On the other hand, what if we can’t change the system? Well then you still have me… an investor who’s always happy to point out the absurdities in life — and see what Moonshot lemonade we can make from the lemons we’re given.
Osisko Mining (OBNNF)
I’m often hesitant to buy shares of commodity-based firms when insiders do. Many mining, metals and agriculture executives are equally in the dark when it comes to predicting long-run commodity prices.
Osisko Mining however, deserves an exception. The Canadian-based mineral exploration company has more going for it than gold and zinc prices. Just look at the insider buying:
- CEO and Chairman John Burzynski bought CAD 36,600
- President Mathieu Savard bought CAD 15,000
- COO Donald Njegovan bought CAD 18,800
- CFO Blair Zaritsky bought $13,500 (USD)
That’s because exploration companies are a lot like biotech firms — their shares tend to go bananas when they make a new discovery.
And I suspect that right now, Osisko executives know something that we don’t (Hint: it likely involves a new mining site).
Some might wonder: isn’t discovering a new drug or gold mine a material event that bans executives from trading stock? In a sense, yes. You won’t find executives receiving finalized survey results and then immediately calling their broker.

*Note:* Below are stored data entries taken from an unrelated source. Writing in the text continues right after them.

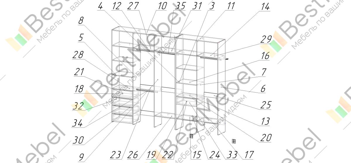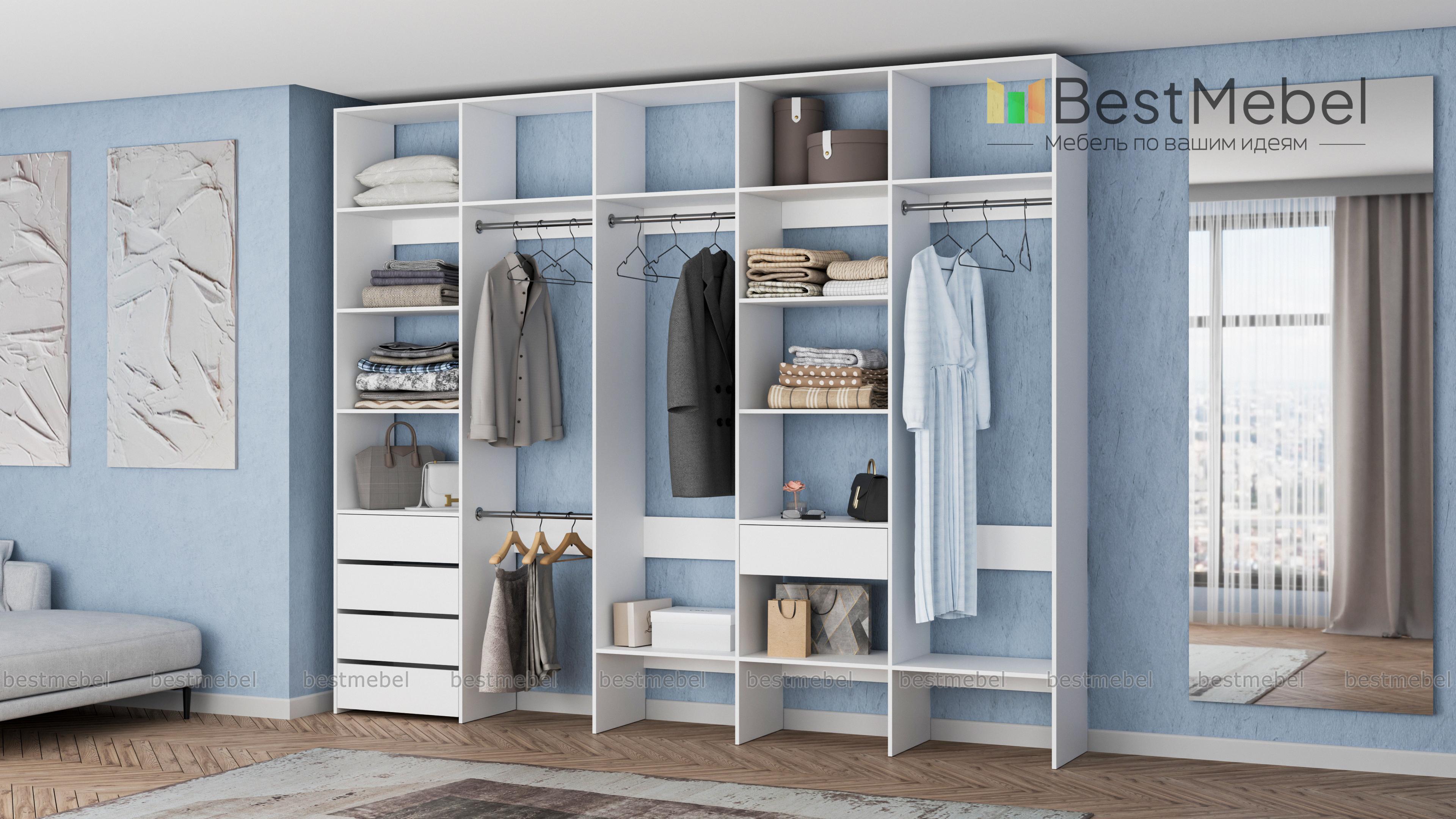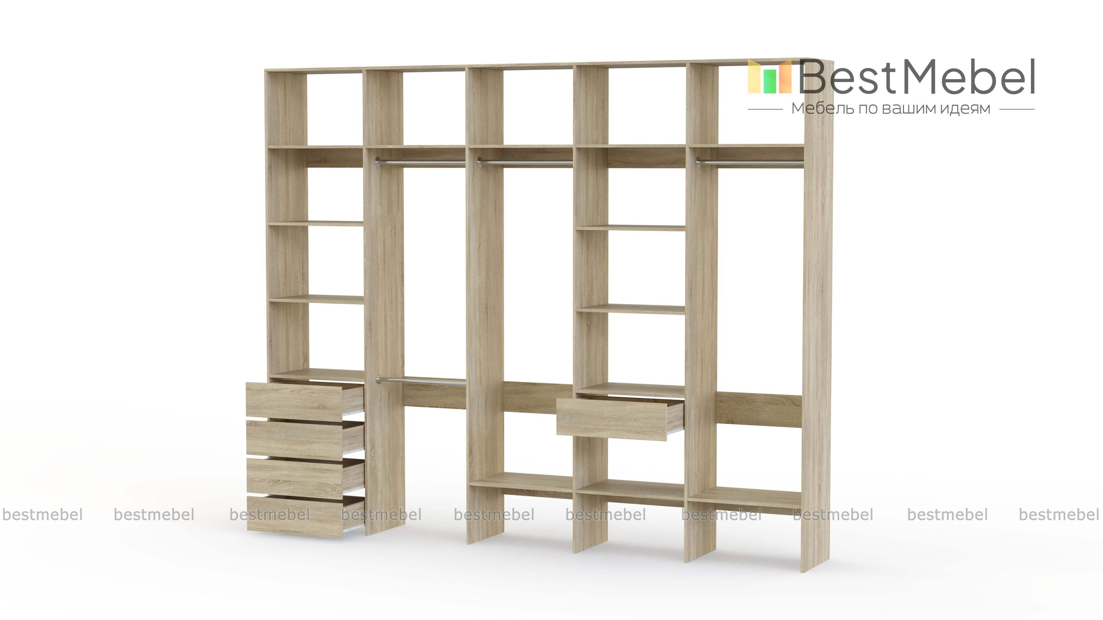 Стеллаж для одежды Мирта 73 BMS удобно зонирует пространство для хранения. Четыре штанги и полки позволят рассортировать одежду по категориям, расположенные на нижнем уровне полки удобны для создания обувниц, а в ящики можно убрать аксессуары, белье и другие мелочи. Дизайн стеллажа лаконичен и универсален, а поверхности из ламинированной ДСП устойчивы к влаге и появлению царапин. Купить стеллаж для одежды Мирта 73 BMS, изготовленный по вашим размерам, вы сможете в нашем интернет-магазине.
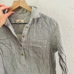 Marine Layer Grey Stripe Half Button Top
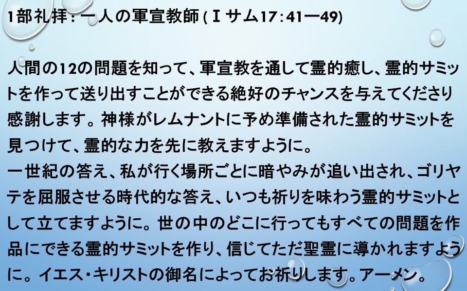 人間の12の問題を知って、軍宣教を通して霊的癒し、霊的サミットを作って送り出すことができる絶好のチャンスを与えてくださり感謝します。
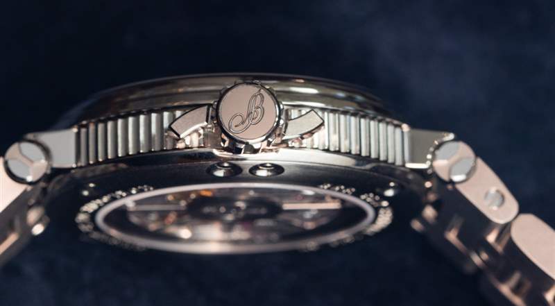 手鏈本身采用簡(jiǎn)單的三連桿設(shè)計(jì),但充滿了受歡迎的細(xì)節(jié)。查看手鐲的側(cè)面,注意大多數(shù)鏈節(jié)沒(méi)有螺絲孔。相反,寶璣開(kāi)發(fā)了一種系統(tǒng),該系統(tǒng)使用位于表鏈內(nèi)側(cè)的螺釘為鏈節(jié)提供固定機(jī)制。另請(qǐng)注意折疊展開(kāi)式表扣。它可能看起來(lái)很標(biāo)準(zhǔn),但寶璣開(kāi)發(fā)了一種全新的展開(kāi)器,帶有優(yōu)雅的按鈕,看起來(lái)和操作起來(lái)都非常好。在我看來(lái),手鐲中缺少的只是一個(gè)微調(diào)系統(tǒng)(盡管我不確定是否有必要)。

Often, however, mining professionals don’t need finalized data to make decisions. When you know what rich veins look like, initial surveys are often enough to say “hey, maybe there’s gold in them hills.”

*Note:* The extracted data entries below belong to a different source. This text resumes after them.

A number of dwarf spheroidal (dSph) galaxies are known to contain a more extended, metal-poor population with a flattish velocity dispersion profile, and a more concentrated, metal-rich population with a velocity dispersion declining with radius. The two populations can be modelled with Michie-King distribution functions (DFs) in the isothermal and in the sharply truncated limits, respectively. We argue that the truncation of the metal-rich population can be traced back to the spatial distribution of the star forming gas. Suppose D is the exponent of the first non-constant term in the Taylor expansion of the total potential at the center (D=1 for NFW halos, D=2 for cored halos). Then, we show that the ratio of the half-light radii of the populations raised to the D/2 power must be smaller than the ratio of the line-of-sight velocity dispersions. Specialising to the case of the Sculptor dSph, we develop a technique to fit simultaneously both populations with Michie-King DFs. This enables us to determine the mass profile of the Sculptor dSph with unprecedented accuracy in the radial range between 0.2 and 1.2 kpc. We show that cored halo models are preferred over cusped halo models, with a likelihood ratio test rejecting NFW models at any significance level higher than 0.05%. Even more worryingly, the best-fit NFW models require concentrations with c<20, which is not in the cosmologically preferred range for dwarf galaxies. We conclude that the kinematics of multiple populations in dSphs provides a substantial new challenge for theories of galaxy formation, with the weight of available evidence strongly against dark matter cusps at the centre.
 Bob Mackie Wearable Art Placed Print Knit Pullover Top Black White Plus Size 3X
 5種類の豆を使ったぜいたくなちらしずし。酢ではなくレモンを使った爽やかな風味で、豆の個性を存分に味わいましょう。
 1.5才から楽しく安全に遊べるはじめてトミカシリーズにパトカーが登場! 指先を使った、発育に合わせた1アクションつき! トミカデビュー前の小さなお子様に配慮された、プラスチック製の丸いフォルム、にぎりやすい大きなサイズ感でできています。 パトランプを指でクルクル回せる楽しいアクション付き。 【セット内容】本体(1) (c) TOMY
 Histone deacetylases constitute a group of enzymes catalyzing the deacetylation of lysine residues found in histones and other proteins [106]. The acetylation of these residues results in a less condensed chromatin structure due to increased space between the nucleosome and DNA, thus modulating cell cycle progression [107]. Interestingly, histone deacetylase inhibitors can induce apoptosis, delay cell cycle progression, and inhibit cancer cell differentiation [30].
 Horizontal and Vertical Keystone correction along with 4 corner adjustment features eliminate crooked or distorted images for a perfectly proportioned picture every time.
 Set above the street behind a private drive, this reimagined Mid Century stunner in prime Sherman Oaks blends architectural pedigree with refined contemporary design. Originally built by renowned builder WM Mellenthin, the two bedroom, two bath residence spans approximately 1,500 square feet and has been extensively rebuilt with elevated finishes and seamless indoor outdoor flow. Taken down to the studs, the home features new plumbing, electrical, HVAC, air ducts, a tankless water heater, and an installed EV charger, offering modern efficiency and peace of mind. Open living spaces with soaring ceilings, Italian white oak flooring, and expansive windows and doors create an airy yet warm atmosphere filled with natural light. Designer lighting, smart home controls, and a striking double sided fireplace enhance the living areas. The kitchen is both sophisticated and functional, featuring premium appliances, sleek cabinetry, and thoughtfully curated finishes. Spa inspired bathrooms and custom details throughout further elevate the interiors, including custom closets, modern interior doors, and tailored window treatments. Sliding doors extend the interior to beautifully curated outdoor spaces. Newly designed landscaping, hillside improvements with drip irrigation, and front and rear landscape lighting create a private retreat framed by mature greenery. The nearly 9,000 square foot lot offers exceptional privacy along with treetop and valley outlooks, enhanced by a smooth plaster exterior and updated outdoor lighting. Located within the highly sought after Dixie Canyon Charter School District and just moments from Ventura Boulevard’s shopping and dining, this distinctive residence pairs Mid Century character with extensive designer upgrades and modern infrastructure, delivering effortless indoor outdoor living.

Osisko shares are priced at less than $2, barely above book value. A new discovery will easily send shares up 200% or more.
Biomea Fusion (BMEA)
Occasionally, insider buying represents a slower-burning catalyst. And Biomea Fusion is a stock that fits that bill.

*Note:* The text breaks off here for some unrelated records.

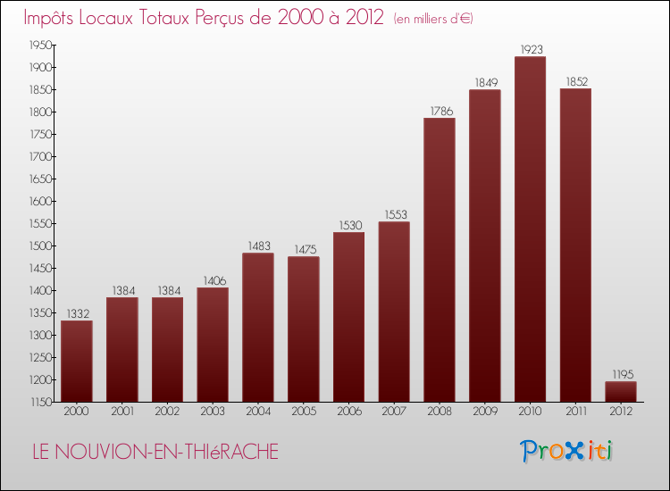 Evolution des Impôts Locaux perçus par la commune de LE NOUVION-EN-THIéRACHE de 2000 à 2012
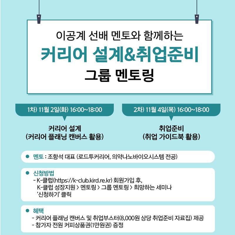 [신청방법] 바로가기 : https://k-club.kird.re.kr/prog/grpMentrg/career/sub01_01_03/list.do
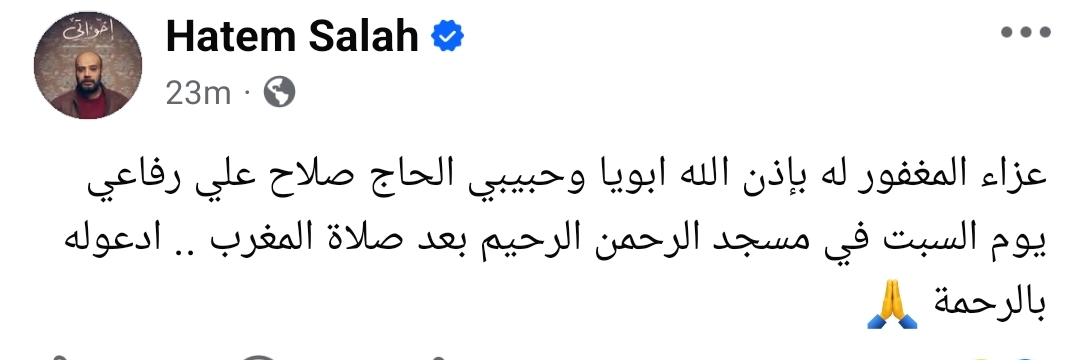 وكتب حاتم صلاح عبر صفحته على فيسبوك: “عزاء المغفور له بإذن الله والدي الحبيب الحاج صلاح علي رفاعي، يوم السبت بمسجد الرحمن الرحيم عقب صلاة المغرب.. نسألكم الدعاء له بالرحمة”.

This promising cancer research firm went public in April at $20. But as the excitement wore off, share prices started to sink. Investors can now buy BMEA for under $10 today.
Yet insiders clearly sense an opportunity:
- CEO Thomas Butler bought $3.6 million
- COO/President Rainer Erdtmann bought $312,000
- Director Sotirios Stergiopoulos bought $380,000
I’m also on board. Biomea’s medical director, CEO and president all hail from Pharmacyclics, the firm that developed blockbuster drug Imbruvica and was subsequently bought by Abbvie for $21 billion. And BMEA’s lead drug candidate — a Menin-MLL inhibitor — uses a pathway that other studies have confirmed efficacy in leukemia treatment.
Though Biomea only filed its IND in mid-September, don’t bother waiting for Phase-1 clinical trials: BMEA’s $10 price tag looks like an excellent long-term Moonshot bet to make.
Volt Information Sciences (VOLT)
Finally, we have Volt Information Sciences, a staffing company whose stock has seesawed between $1 and $40 for the past three decades.
I personally love these types of bets because you can make money even if the stock goes nowhere. And the insiders apparently agree with me, given that they bought shares between $3 and $3.50:
- CEO Linda Perneau bought $10,000
- SVP Nancy Avedissian bought $8,500
- CFO Herber Mueller bought $10,000
- Director Bruce Goodman bought $16,750
- Director Arnold Ursaner bought $16,500
- Director William Grubbs bought $34,000
The tightening labor market is a likely culprit. Employers tend to shell out when labor is scarce; outfits like Volt benefit as long as they can pass fees through to employers.
On the original date of publication, Tom Yeung did not have (either directly or indirectly) any positions in the securities mentioned in this article.
Tom Yeung, CFA, is a registered investment advisor on a mission to bring simplicity to the world of investing.